In healthcare, the use of AI and AI-enabled autonomy already benefits more accurate and automated diagnostics, autonomy in robot surgery, and entirely new approaches to drug discovery and design. 

However, gaps in test accuracy remain. The challenge in this field is to account for differences in tools and operators, as well as various conditions and severity levels. When using deep learning to automate interpretation, it's crucial to ensure the system can explain its decisions. This is to prevent situations where the AI system might achieve high accuracy by taking shortcuts, and using irrelevant information instead of correctly identifying the primary problem. The specific challenge here is how to specify for 'black box' models. 

The paper came out of joint efforts across the whole UKRI TAS programme, beginning with a workshop in the 2021 TAS All Hands Meeting. 
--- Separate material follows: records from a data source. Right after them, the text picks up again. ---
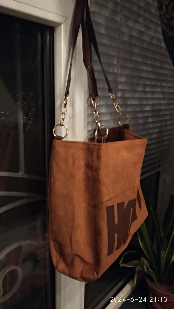 Доставка в Южный Казахстан 🇰🇿 почти в срок 👜 Летняя тканевая сумочка Ткань типа бумажного флиса, эффект замш, коричневого цвета Внутри черный качественный подклад Ручки коричневые, кожзам + цепи ➕Застёжка молния Лёгкая, по вместимости средняя ➖ Нет ни одного кармашка, но для меня не критично По качеству пока претензии нет Размер на фото Подробнее на видео 🎥 обзоре и видео 🎥 распаковке
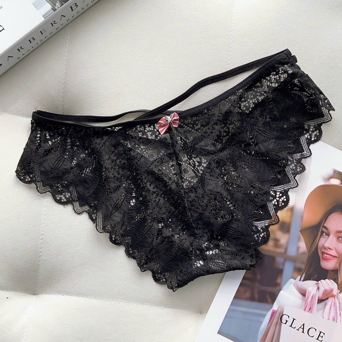 Quần lót ren mềm mịn phối dây quyến rũ cho nàng sự gợi cảm quyến rũ. Màu sắc: đen, đỏ, da, trắng.
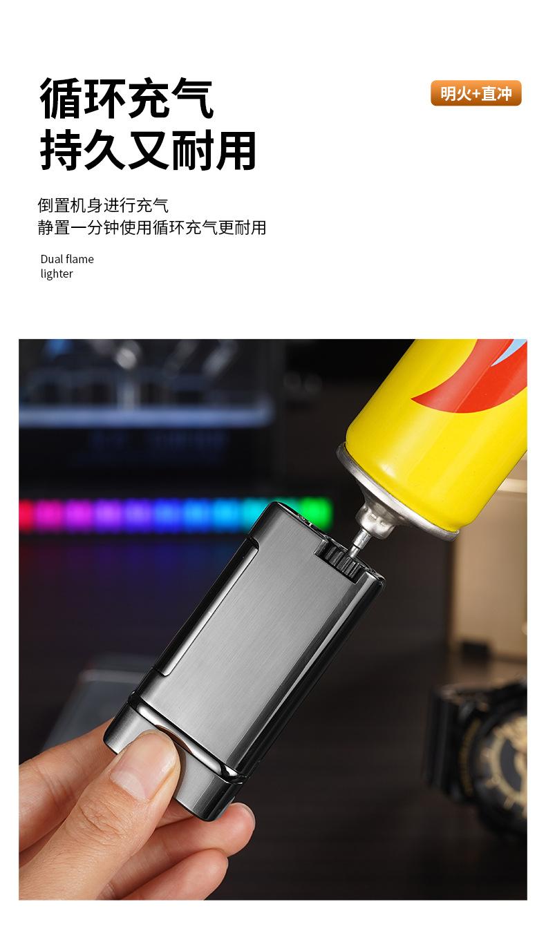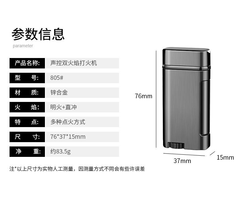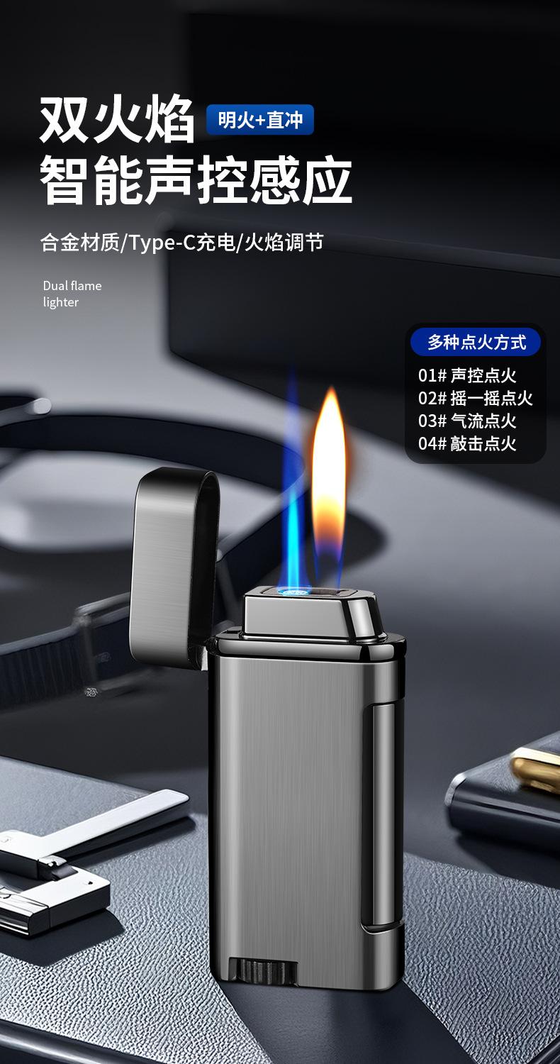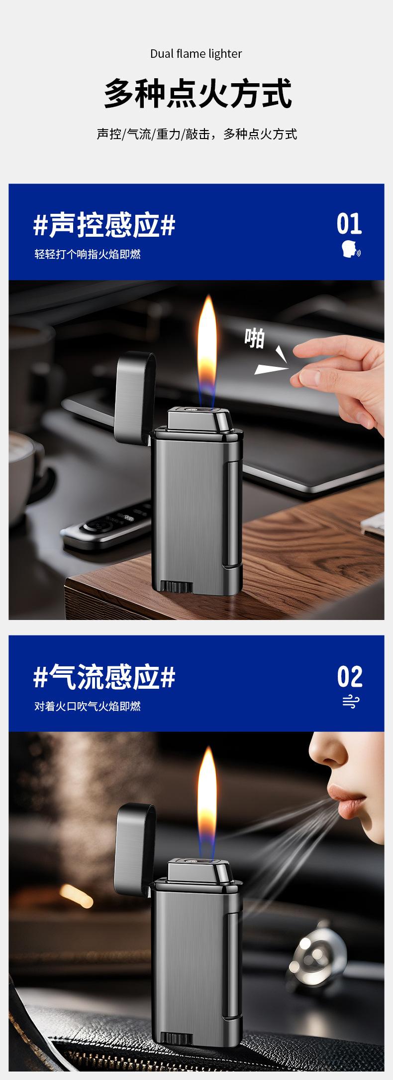 Encendedor Creativo de Tecnología Negra Controlado por Voz Inflable Doble Fuego Llama Abierta Llama Azul Encendedor Personalizable Logotipo Publicitario

UKRI Trustworthy Autonomous Systems Programme

The TAS programme is a collaborative UK-based platform comprised of Research Nodes and a Hub, united by the purpose of developing world-leading best practice for the design, regulation and operation of autonomous systems. The central aim of the programme is to ensure that the autonomous systems are ‘socially beneficial’, protect people’s personal freedoms and safeguard physical and mental wellbeing. 

The project addresses public concern and potential risks associated with Autonomous Systems by making sure they are both trustworthy by design and trusted by those that use them, from individuals to society and government. It is only by addressing these issues of public concern and potential risk that autonomous systems will be trusted, allowing them to grow and be utilised more and more. 

TAS is comprised of seven distinct research strands termed Nodes: trust, responsibility, resilience, security, functionality, verifiability and governance and regulation. Each Node will receive just over £3 million in funding from UKRI to conduct their research. 

TAS Governance and Regulation Research Node

Led by Professor Subramanian Ramamoorthy from the School of Informatics and Edinburgh Centre for Robotics, the team are tasked with developing the governance and regulation of Trustworthy Autonomous Systems (TAS). By developing a novel framework for the certification, assurance and legality of TAS, the project will address whether such systems can be used safely.